Sergio González
Valladolid, 2018-2021; Cádiz, 2022-Actualidad
Era una sensación muy cercana a la desesperación.
Ninguna llamada en año y medio. Ninguna reunión con un director deportivo.
Ellos, al fin y al cabo, son los que firman a los entrenadores. Pero para eso tienes que explicarles tu modelo de trabajo. Tu filosofía de juego. En definitiva, conectar.
Y eso no había sido posible en todo ese tiempo.
Hasta que en abril de 2018 apareció la oportunidad de hablar con el director deportivo del Valladolid, Miguel Ángel Gómez. Fue gracias a la ayuda de mi agente, Antonio López, con el que apenas llevaba unos meses trabajando. Antes había estado con otro representante, pero fue después de mucho tiempo que me di cuenta de lo que necesitaba realmente.

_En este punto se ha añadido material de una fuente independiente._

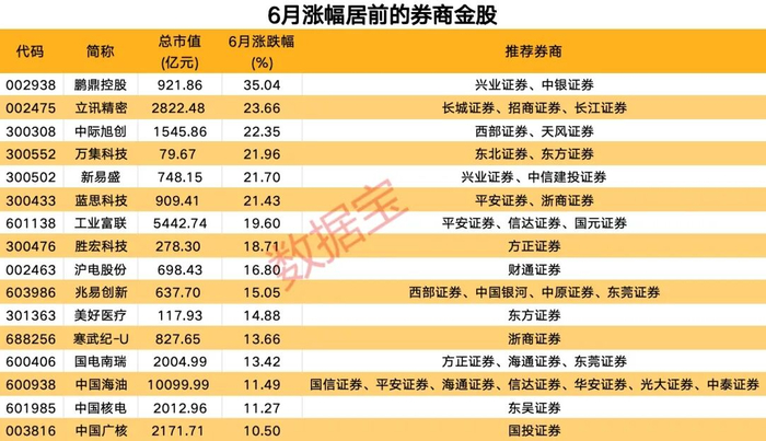 \r\n 兴业证券 和 中银证券 推荐的“苹果+AI PC+ AI手机 +PCB”概念股 鹏鼎控股 6月涨35.04%,居首。 立讯精密 6月涨幅超23%,居次席。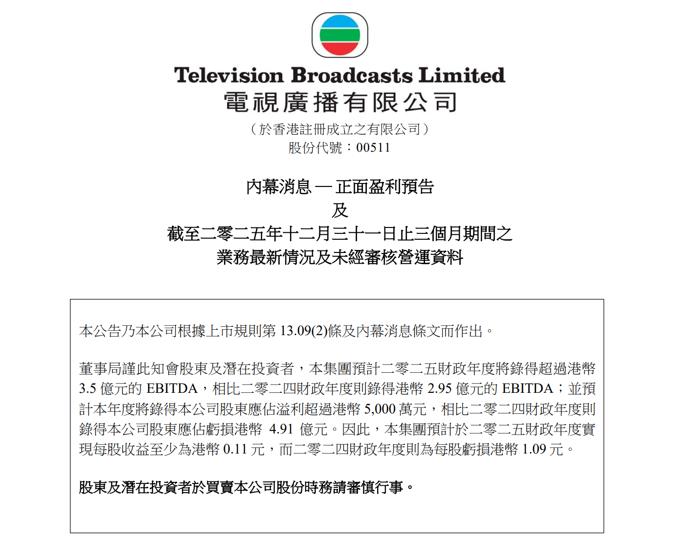 近日,电视播送有限公司(简称:电视播送;英文简称:TVB;000511.HK)发布功绩盈利预报,预测2025财年盈利向上5000万港元,同比扭亏为盈,2024年财年公司亏空4.91亿港元。公司预测2025财年EBITDA(息税折旧及摊销前利润)超3.5亿港元,2024财年为2.95亿港元;已毕每股收益至少0.11港元,2024年财年每股亏空1.09港元。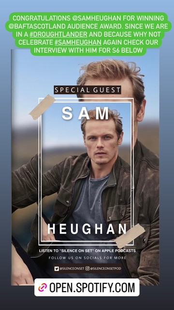 Congratulations @SamHeughan for winning @BAFTAScotland Audience Award. Since we are in a #droughtlander and because why not celebrate #SamHeughan again check our interview with him for S6 here: https://open.spotify.com/episode/7IwDi5pFVvcNVmQyWn46sx?si=8lPGaWoxTNuiA1dIiGecFQ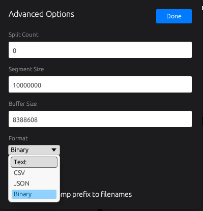 素数のフォーマットはText、CSV、JSON、Binaryなどを選べます。Binaryにすると無駄がなくて速いです。

Una persona que estuviera empezando, pero que también fuera conocido - Antonio había sido capitán del Atlético de Madrid, jugador del Mallorca, muchos años en Osasuna e internacional con España - y que tuviera ganas de moverme.
Porque yo tampoco tenía un bagaje tan fuerte como entrenador para llamar a un equipo y decir: “Soy Sergio. Aquí estoy. Si quieres me puedes contratar”.

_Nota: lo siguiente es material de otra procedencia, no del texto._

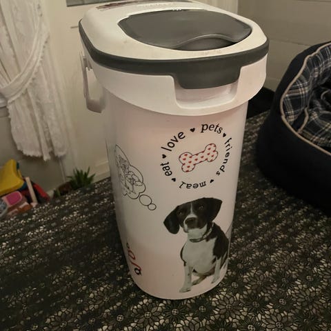 Curver hundefôrbeholder i plast med lokk. Beholderen er hvit med grått lokk og dekor med hundemotiv på sidene. Den har et stort hovedlokk og et mindre lokk på toppen for enkel tilgang til innholdet. Egnet til oppbevaring av tørrfôr eller andre hundeprodukter. Laget i hard plast som er enkel å rengjøre og flytte ved behov. Har to hjul bak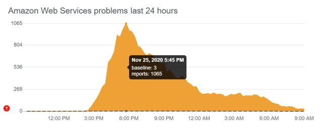 Los problemas con AWS se empezaron a detectarse hacia las 14.30 horas de este miércoles (hora en España), con un pico máximo de incidencia hacia las 17.40 horas, como recoge el portal Down Detector. Aunque en descenso, sus efectos se han mantenido desde entonces.

No, yo tenía que ir por otro camino.
La oferta era muy ajustada en lo económico. No obstante, era algo normal. Desde el punto de vista del club también era una apuesta arriesgada para ellos firmar a un entrenador que llevaba tanto fuera de los banquillos. Por eso digo que siempre estaré eternamente agradecido al Valladolid por la posibilidad que me ofrecieron.
También era una oferta para muy poco tiempo: las ocho últimas jornadas de Liga. Pero había una cláusula en el contrato que daba una opción a continuar al año siguiente. Dependía de lo que hiciéramos en esos partidos. Si nos metíamos en los play-offs por el ascenso a Primera, la renovación era inmediata. Pero si no lo conseguíamos, entonces lo decidían las sensaciones que transmitiera el equipo.

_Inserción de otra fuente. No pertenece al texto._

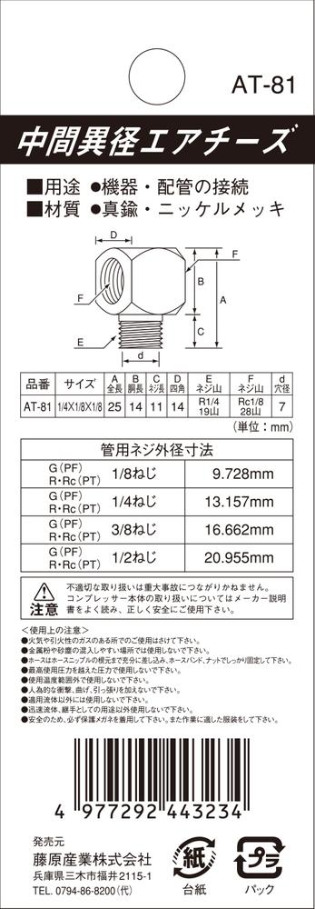 SK11 エアー配管継手 中間異径エアチーズ2M*1F 2口 AT-81に関する詳細なお問合せは下記までお願いします

En medio de todo eso vivíamos en casa una situación familiar muy especial. Estábamos a solo cuatro semanas para el nacimiento de mi segundo hijo, una niña.
Así que tenía que elegir entre quedarme en Barcelona o irme esas ocho semanas, consciente de que a lo mejor salía mal en lo deportivo y me perdía el proceso del nacimiento de mi hija.
"La entrenadores somos un poco itinerantes. Lo asemejaría con la gente que trabaja en un circo. Llegas, te instalas, pero muchas veces no sabes cuánto tiempo vas a estar"
Lo hablamos mi mujer -Irene- y yo, porque ella también sufría al verme así. Y finalmente llegamos a una conclusión.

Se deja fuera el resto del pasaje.